Ammonium hexafluoroferrate
- Names: IUPAC name Triazanium;hexafluoroiron(3-)

Identifiers
- CAS Number: 13815-28-6;
- 3D model (JSmol): Interactive image;
- ChemSpider: 24491;
- PubChem CID: 26287;
- CompTox Dashboard (EPA): DTXSID70160504;

Properties
- Chemical formula: F_{6}FeH_{12}N_{3}
- Molar mass: 223.952 g·mol^{−1}
- Appearance: yellow-white crystals
- Density: 1.96 g/cm^{3}

= Ammonium hexafluoroferrate =

Ammonium hexafluoroferrate is an inorganic compound with the chemical formula (NH4)3FeF6.

== Structure ==
Ammonium hexafluoroferrate is isomorphous with the analogous compounds of aluminum and trivalent titanium, vanadium, and chromium.
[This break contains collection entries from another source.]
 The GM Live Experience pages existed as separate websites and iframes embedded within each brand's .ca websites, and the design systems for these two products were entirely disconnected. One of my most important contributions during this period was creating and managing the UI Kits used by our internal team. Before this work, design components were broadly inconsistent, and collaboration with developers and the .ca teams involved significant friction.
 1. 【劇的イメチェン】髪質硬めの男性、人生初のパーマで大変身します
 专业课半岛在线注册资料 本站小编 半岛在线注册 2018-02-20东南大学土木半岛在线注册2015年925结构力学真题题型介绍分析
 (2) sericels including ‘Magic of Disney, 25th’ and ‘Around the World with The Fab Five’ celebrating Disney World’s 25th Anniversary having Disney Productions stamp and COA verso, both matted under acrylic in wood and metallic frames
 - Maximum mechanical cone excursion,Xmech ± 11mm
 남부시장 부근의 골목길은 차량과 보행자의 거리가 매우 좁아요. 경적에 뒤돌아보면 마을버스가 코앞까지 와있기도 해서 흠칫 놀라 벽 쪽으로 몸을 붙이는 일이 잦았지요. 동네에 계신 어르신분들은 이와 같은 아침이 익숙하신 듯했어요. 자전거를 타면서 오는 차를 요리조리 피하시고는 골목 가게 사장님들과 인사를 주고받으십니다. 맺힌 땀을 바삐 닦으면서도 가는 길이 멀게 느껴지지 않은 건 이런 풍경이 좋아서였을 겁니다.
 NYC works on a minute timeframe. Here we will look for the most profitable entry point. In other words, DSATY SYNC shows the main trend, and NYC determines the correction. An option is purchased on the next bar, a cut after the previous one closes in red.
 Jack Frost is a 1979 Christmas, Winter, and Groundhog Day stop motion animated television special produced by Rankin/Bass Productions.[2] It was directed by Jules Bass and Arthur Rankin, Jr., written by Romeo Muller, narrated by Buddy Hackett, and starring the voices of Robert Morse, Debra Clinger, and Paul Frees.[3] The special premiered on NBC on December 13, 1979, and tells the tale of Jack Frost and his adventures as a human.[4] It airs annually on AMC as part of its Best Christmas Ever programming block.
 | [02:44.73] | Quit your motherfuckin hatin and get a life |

It crystallizes in a cubic lattice.

== Synthesis ==
Ammonium hexafluoroferrate can be obtained by reacting ferric fluoride trihydrate and ammonium fluoride in water.

== Reactions ==
Upon heating, the compound loses two moles of ammonium fluoride, forming ammonium tetrafluoroferrate(III). Further heating results in the gradual loss of ammonium fluoride, the final products being iron(III) fluoride mixed with oxide.

The compound reacts with xenon difluoride to produce NH4FeF4, N2, Xe, and HF.

== Uses ==
Ammonium hexafluoroferrate is used as a fire retardant.